If yes, the design calcs must be checked again, and a larger
core/window area selected.
If no, proceed to 21.
OPT3, P winding loss is less than 4%
**Note. If the P
winding losses are less than 2%, there is a
possibility that the wire size could be reduced
to increase the turns per layer, and possibly reduce the number of P
layers by say 2, but the
stack height would have to be increased to keep, Fs low.
21. Choose the
interleaving pattern from the list below for
the wattage of the transformer.
All
OPT will have the secondary
sections containing only one layer of wire.
While this may be subdivided into further secondary sub sections, there
are no designs here which require
bifilar or trifilar winding or rectangular wire.
A section of a winding is defined as a
layer or group of layers devoted solely to P or S.
The term "section" is not to be confused with "layer". For tube
OPT, most P sections will have
more than one layer of wire.
In general, all OPT should comply
with the following P&S layer number relationships :-
Where the first
and last winding on is a primary section, then these sections should
have near 1/2 the layers of the inner sections, hence
if there are 3 outer p layers in a P section, the inner sections might
be either 5, 6 or 7 p layers. When this
guide is adhered to there is the best HF response because the leakage
inductance is fairly evenly and
symetrically distributed.
When starting and finishing with
an S section all internal P sections
should have the same number of p layers
but it is not always possible and having say 2 sections of 4 p layers
and 2 sections of 5 p layers is OK.
The size of such "internal sections" should not vary more than 25%.
Both the forgoing conditions
avoid unpredictable resonances in the upper HF response.
For transformers to suit low
drive devices such as mosfets or transistors, even with an SE amp, the
same amount of
interleaving is required for a a given power level.
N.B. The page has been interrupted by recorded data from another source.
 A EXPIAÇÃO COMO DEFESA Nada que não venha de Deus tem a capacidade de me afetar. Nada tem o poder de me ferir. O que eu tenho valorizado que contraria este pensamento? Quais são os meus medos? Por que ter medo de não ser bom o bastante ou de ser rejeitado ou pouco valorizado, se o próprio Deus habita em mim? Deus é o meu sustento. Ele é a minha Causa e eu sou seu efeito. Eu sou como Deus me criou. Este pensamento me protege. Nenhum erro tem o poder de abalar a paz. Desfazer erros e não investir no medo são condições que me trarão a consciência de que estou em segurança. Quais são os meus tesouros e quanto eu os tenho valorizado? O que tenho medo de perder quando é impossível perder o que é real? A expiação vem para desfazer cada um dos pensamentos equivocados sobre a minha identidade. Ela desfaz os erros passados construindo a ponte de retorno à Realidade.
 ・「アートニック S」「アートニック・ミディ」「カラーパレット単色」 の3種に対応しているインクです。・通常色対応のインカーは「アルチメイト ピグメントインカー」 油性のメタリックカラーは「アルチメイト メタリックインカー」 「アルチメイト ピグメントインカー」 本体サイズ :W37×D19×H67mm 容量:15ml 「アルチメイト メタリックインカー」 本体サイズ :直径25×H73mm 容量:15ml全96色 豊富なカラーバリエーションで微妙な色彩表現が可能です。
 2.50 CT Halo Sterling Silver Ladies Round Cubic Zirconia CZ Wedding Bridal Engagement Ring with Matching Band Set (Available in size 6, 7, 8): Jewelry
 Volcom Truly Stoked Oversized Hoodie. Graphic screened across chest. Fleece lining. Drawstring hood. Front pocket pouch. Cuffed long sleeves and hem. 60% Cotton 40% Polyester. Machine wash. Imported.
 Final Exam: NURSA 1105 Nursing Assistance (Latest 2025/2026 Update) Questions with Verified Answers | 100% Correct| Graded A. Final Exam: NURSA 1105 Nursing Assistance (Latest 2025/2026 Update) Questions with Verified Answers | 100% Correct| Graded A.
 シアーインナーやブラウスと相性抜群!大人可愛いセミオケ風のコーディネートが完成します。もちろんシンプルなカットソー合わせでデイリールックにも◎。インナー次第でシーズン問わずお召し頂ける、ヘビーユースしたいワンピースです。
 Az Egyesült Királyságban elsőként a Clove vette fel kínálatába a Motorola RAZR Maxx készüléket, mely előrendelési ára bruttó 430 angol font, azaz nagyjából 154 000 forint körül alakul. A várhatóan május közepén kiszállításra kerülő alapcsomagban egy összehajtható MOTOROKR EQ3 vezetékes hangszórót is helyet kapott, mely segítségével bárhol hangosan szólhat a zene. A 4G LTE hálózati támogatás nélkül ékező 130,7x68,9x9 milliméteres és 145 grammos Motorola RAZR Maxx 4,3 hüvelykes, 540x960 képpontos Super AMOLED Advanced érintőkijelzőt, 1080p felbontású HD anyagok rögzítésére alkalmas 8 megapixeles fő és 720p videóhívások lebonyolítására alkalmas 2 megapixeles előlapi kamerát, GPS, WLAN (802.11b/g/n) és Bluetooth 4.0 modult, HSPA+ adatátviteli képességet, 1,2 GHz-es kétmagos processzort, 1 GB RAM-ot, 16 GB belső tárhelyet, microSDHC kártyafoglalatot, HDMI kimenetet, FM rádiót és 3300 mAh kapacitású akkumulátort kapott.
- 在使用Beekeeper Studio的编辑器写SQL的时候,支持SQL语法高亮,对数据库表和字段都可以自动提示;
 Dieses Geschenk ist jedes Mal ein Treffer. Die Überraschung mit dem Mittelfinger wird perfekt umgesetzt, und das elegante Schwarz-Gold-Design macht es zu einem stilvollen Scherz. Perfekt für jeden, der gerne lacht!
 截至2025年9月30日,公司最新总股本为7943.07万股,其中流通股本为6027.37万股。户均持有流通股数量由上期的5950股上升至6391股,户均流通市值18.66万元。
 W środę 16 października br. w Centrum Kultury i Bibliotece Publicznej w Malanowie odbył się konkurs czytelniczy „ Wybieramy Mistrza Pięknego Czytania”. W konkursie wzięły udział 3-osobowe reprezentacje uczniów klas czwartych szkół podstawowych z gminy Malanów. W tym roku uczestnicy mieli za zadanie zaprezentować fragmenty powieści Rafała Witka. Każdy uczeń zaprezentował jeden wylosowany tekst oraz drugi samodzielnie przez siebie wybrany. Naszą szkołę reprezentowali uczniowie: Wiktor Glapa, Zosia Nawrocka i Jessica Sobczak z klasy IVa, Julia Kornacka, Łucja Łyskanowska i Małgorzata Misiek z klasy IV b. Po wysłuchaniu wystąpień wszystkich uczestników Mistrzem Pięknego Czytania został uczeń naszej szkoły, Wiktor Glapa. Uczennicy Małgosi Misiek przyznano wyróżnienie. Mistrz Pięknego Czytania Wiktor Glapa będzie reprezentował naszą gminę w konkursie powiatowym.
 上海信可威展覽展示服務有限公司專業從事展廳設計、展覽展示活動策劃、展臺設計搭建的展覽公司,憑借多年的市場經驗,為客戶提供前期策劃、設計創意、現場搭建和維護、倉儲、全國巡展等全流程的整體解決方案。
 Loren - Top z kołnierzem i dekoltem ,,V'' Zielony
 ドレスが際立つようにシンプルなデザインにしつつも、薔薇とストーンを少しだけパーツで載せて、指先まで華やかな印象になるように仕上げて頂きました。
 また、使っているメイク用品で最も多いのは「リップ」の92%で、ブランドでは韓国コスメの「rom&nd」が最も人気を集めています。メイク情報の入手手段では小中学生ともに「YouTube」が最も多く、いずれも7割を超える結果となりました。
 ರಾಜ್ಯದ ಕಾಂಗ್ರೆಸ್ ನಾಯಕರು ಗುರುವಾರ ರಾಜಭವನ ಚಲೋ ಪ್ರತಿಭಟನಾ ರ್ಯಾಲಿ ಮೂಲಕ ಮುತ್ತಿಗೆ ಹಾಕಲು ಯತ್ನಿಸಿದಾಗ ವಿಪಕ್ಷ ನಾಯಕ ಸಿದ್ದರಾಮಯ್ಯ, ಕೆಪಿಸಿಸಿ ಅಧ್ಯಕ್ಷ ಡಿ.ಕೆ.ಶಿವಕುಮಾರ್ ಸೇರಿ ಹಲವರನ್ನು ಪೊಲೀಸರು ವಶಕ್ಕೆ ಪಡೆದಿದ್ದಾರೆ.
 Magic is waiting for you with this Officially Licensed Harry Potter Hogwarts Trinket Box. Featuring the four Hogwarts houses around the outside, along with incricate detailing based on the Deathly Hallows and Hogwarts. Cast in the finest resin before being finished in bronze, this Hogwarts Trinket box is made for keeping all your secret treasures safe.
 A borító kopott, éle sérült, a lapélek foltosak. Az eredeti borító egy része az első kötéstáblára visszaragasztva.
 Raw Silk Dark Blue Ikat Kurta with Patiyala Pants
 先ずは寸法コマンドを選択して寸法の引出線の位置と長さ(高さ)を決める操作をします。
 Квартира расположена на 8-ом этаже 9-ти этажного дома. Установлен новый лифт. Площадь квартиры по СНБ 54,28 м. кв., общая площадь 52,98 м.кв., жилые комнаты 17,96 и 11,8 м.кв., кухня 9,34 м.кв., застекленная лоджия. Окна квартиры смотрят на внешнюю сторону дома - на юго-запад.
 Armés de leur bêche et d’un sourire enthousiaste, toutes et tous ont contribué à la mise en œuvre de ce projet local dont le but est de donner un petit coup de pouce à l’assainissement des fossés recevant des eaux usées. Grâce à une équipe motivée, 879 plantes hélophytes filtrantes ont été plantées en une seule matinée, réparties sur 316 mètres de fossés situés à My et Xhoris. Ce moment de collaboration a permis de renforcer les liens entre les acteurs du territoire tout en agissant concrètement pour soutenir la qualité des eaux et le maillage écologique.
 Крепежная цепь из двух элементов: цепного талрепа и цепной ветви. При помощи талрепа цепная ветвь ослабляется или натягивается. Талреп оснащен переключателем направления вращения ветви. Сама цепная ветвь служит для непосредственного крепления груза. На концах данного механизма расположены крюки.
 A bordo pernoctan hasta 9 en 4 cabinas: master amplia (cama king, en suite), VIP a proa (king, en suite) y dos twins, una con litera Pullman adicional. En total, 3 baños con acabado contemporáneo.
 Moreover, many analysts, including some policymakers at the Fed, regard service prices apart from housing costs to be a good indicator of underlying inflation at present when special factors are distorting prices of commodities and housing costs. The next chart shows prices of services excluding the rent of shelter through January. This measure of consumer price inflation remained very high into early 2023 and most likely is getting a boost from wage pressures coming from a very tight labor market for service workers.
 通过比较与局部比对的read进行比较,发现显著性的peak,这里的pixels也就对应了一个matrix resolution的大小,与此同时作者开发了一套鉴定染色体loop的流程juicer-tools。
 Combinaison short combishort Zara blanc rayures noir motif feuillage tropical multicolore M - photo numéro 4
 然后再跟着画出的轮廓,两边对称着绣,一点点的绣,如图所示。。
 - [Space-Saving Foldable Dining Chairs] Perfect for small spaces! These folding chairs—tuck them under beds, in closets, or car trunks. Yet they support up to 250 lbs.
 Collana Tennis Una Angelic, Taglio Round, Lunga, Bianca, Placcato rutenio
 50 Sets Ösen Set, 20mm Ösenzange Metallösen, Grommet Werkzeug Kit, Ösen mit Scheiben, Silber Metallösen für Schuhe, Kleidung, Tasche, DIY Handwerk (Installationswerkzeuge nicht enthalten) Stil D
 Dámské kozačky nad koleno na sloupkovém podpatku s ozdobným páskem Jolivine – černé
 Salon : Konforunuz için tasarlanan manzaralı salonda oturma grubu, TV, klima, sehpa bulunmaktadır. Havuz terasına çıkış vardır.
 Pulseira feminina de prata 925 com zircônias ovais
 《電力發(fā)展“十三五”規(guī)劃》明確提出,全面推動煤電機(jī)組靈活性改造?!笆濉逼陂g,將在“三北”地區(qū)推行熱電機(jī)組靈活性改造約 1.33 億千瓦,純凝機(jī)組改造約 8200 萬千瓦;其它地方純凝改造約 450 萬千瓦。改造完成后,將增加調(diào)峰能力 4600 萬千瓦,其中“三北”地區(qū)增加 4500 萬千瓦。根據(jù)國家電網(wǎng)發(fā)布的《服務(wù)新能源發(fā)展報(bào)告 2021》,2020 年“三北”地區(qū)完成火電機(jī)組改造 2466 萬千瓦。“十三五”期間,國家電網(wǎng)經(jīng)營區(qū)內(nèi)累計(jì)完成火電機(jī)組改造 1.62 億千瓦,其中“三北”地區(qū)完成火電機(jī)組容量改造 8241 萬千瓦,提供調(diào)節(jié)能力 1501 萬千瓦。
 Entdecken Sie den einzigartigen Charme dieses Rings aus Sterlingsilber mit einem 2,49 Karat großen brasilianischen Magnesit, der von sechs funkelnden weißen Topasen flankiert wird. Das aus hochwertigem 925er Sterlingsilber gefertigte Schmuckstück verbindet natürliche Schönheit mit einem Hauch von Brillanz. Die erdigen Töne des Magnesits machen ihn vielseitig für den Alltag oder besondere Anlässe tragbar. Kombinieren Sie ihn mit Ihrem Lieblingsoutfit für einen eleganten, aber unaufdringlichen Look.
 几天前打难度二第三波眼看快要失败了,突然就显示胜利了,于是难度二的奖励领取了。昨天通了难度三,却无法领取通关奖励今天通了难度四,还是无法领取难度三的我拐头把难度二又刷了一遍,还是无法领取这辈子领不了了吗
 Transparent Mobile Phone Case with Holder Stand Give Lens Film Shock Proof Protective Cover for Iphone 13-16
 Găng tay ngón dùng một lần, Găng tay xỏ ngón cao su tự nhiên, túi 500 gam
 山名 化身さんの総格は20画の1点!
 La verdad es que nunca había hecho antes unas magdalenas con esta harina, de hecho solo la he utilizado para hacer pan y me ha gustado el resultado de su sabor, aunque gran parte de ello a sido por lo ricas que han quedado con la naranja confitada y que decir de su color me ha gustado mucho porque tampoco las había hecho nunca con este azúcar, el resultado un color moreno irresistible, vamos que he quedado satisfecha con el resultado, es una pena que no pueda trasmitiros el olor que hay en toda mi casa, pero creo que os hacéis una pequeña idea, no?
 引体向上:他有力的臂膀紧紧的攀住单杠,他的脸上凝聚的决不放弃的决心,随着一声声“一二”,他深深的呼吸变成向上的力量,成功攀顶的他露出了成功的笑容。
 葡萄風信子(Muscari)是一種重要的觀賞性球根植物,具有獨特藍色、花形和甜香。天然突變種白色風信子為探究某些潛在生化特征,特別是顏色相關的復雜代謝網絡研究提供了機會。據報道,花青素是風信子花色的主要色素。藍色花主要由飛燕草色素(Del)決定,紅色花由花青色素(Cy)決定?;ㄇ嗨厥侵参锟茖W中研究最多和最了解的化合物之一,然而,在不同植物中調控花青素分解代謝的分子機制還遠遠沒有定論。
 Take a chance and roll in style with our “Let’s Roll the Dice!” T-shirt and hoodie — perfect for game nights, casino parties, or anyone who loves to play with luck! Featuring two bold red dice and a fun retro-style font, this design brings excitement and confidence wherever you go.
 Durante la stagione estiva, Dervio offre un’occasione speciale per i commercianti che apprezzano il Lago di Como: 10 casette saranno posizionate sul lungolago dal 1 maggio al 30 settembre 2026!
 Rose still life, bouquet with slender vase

The number of p
layers will be reduced as Primary
RL becomes low, and wire dia will increase.
An 8 ohm : 8 ohm OPT with very low dc voltage differences between P and
S would have equal numbers of turns for P and S and perhaps be simply
interleaved so each layer of thick wire is alternatively devoted to
either P or S.
The bandwidth can then be very easily made to go up to 500kHz. As the
primary or secondary load is reduced, the effect of
shunt capacitance diminishes, so insulation thickness can be reduced.
Transformers for
electrostatic speakers which step up the
amplifier voltage between 50 and 100 times need to have good insulation
for voltages involved and to lower capacitance,
and they resemble OPTs powered "backwards" and can be designed with the
method here.
But for matching tubes to normal
3 to 9 ohm speaker
loads, the interleaving list below with the number of primary layers
per section possible will give at
least 70 kHz of bandwidth, and where there is a highest number of
interleavings the bandwidth
can be 300kHz. Using more interleaving than listed leads to less
available room on the bobbin for wire due to too many layers of
insulation, and poor HF due to high shunt capacitances, and higher
winding
losses.
For lower Primary RL and higher amplifier power the larger the OPT
becomes and for a given number of interleavings the
HF response becomes less due to increasing leakage inductance so the
larger the OPT becomes, the number of interleaved sections increases.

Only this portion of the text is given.